The far-right Confederation (Konfederacja) group will use the new parliamentary session to propose an “anti-LGBT law” that would “ban LGBT”. It will also put forward measures to restrict abortion and to prevent the “Holocaust industry” from using a new American law to profit from Jewish property restitution in Poland.

The plans were outlined in an interview with Rzeczpospolita by Janusz Korwin-Mikke, the leading figure in Confederation, an alliance of nationalists and right-wing libertarians that entered parliament with 7% of the vote at this month’s elections. Since its formation earlier this year, Confederation’s campaigning has sought to stoke opposition to LGBT rights, Jewish property restitution and abortion.

Ahead of May’s European elections, one of the group’s leading figures summed up its main policies as: “We don’t want Jews, homosexuals, abortion, taxes and the European Union”, Another of its leaders, newly elected MP Grzegorz Braun, is one of Poland’s foremost exponents of antisemitic conspiracy theories. He claims that “Jews have waged war against the Polish nation for centuries”, seeking to turn it into a “Jewish state”. Earlier this year he called for homosexuality to be criminalised, with “sodomites sent to prison”.
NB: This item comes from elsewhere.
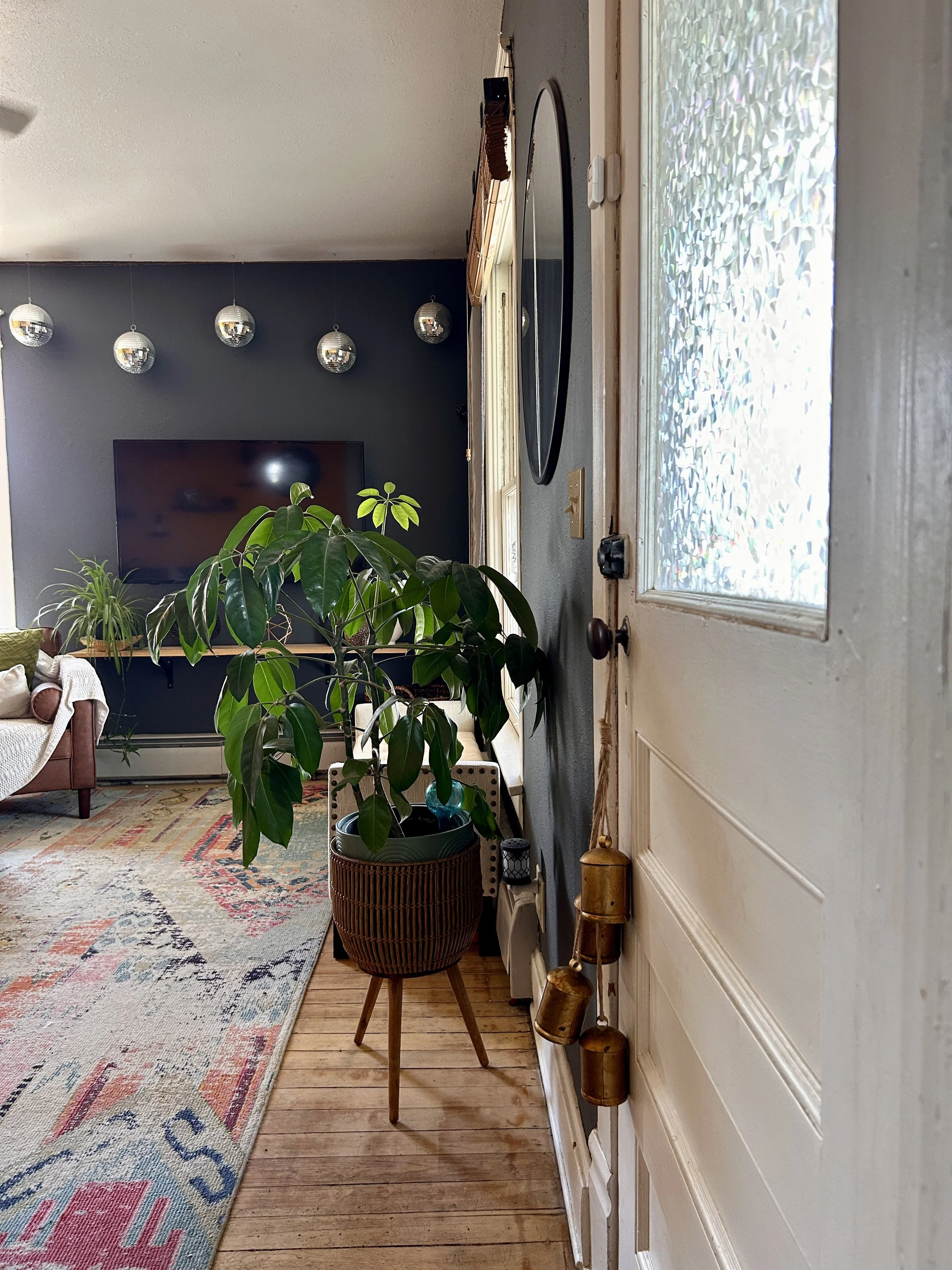 Interior entryway with a white door with a frosted glass window, a dark gray wall, a large green potted plant, and a round mirror reflecting yellow walls and artwork.

If Confederation did seek to introduce legislation in these areas, it would be a test for the ruling party. Law and Justice (PiS) has sought to appeal broadly to voters ranging from the centre-right to the nationalist fringe. This has required a balancing act between extreme rhetoric and more moderate language. It has also required PiS to avoid taking action in certain controversial areas, fearing the loss of more moderate support.

It is in these areas that Confederation intends to demonstrate that one “cannot believe in PiS’s assurances” because “it is afraid of voters’ reaction”, says Korwin-Mikke. On abortion, for example, despite regular claims from senior PiS figures that the party wants to tighten the law, it twice backed away from doing so during the last parliamentary term following mass “black protests” led by women.

PiS has also sought to avoid the topic of Jewish property restitution, an issue that risks causing tension with its American allies. A bipartisan group of 88 US senators recently called on the Trump administration to push Poland to introduce restitution legislation. The Justice for Uncompensated Survivors (JUST) Act, signed by President Trump last year, requires the State Department to monitor and report on restitution of Holocaust survivors’ assets. Confederation claims that the law is an attempt by Jews to extort billions of zloty from Poland, with one of its leaders accusing PiS of “wanting to sell Poland to the Jews”.

Even on LGBT issues, despite PiS leading an anti-LGBT campaign during this year’s elections, it may be wary of going beyond homophobic rhetoric and introducing specific legislation. That would risk alienating more moderate supporters, could prompt further protests, and would put the government under further international pressure.

However, for Confederation to submit legislation it would require the backing of at least 15 MPs, and the group only has 11. If PiS maintains discipline in its parliamentary caucus, this would leave Confederation with few other potential allies. PiS spokesman Radosław Fogiel responded to Korwin-Mikke’s interview by accusing him of grandstanding.

Fogiel says that the new parliamentary term will see MPs from both the far right and the left “throwing ideas” around simply to “cause outrage”. However, the issue highlights the challenges that await PiS in the new parliamentary term, when it will face not only an organised challenge from the far right, but also the return of the left to the Sejm.